Action item →
Leave the pictures out, and transcribe the material below exactly from the line with "- Verwendung: Für" to the line with "荐代发米技生活 空气炸锅 AF-L5513", both lines included.

Material to process →
[Start of Attachment]

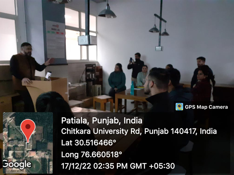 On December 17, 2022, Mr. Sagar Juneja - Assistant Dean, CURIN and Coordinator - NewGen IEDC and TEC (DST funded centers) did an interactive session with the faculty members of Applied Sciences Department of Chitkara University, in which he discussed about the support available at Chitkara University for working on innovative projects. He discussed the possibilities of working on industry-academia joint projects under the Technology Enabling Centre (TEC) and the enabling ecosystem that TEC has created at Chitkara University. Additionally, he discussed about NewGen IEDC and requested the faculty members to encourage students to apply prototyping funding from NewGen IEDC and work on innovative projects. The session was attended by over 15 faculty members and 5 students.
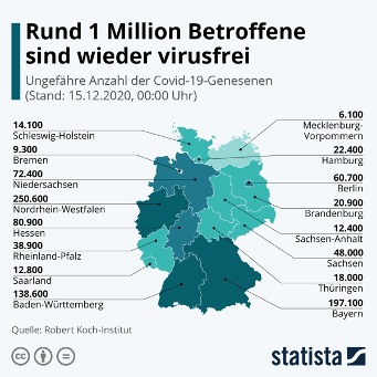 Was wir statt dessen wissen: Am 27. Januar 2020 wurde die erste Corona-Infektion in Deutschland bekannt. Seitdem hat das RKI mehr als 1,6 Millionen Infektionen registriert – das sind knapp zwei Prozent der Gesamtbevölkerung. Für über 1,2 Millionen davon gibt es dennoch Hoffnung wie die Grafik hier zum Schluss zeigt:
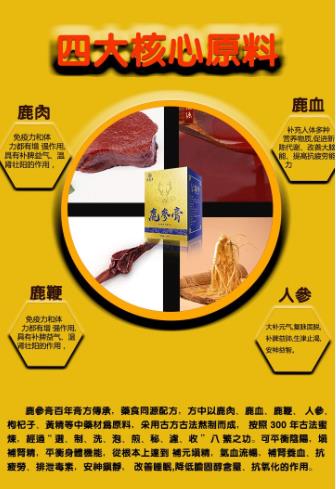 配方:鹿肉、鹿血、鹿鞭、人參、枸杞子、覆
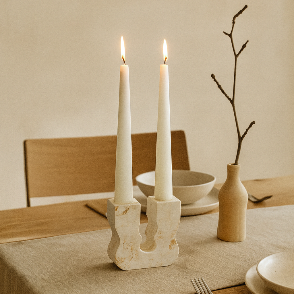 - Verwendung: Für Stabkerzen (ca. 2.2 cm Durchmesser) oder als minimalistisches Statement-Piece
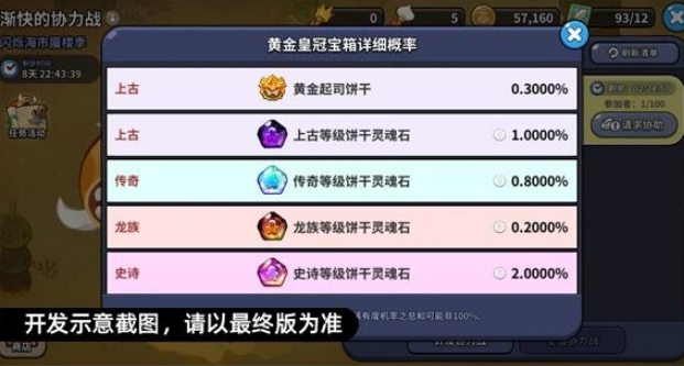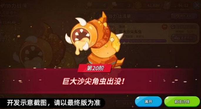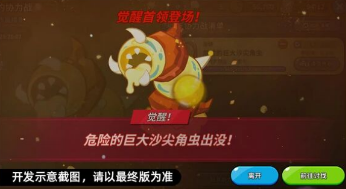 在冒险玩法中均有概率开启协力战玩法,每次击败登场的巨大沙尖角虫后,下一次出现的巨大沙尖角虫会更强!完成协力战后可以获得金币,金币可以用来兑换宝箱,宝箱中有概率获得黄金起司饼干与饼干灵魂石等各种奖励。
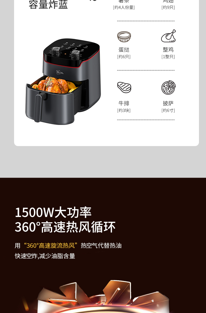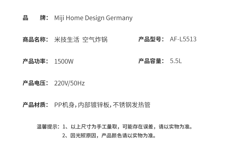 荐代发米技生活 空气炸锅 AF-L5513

[End of Attachment]
[Start of Attachment]

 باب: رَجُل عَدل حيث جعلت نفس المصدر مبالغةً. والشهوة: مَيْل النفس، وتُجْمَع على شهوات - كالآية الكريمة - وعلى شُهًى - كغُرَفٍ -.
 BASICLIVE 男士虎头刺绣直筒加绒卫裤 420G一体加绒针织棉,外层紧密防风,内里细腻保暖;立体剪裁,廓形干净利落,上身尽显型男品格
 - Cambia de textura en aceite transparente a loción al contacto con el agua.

[End of Attachment]
[Start of Attachment]

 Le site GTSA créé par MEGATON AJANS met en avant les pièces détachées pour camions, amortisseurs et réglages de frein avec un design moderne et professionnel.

[End of Attachment]

Result of this exercise →
 - Verwendung: Für Stabkerzen (ca. 2.2 cm Durchmesser) oder als minimalistisches Statement-Piece
 在冒险玩法中均有概率开启协力战玩法,每次击败登场的巨大沙尖角虫后,下一次出现的巨大沙尖角虫会更强!完成协力战后可以获得金币,金币可以用来兑换宝箱,宝箱中有概率获得黄金起司饼干与饼干灵魂石等各种奖励。
 荐代发米技生活 空气炸锅 AF-L5513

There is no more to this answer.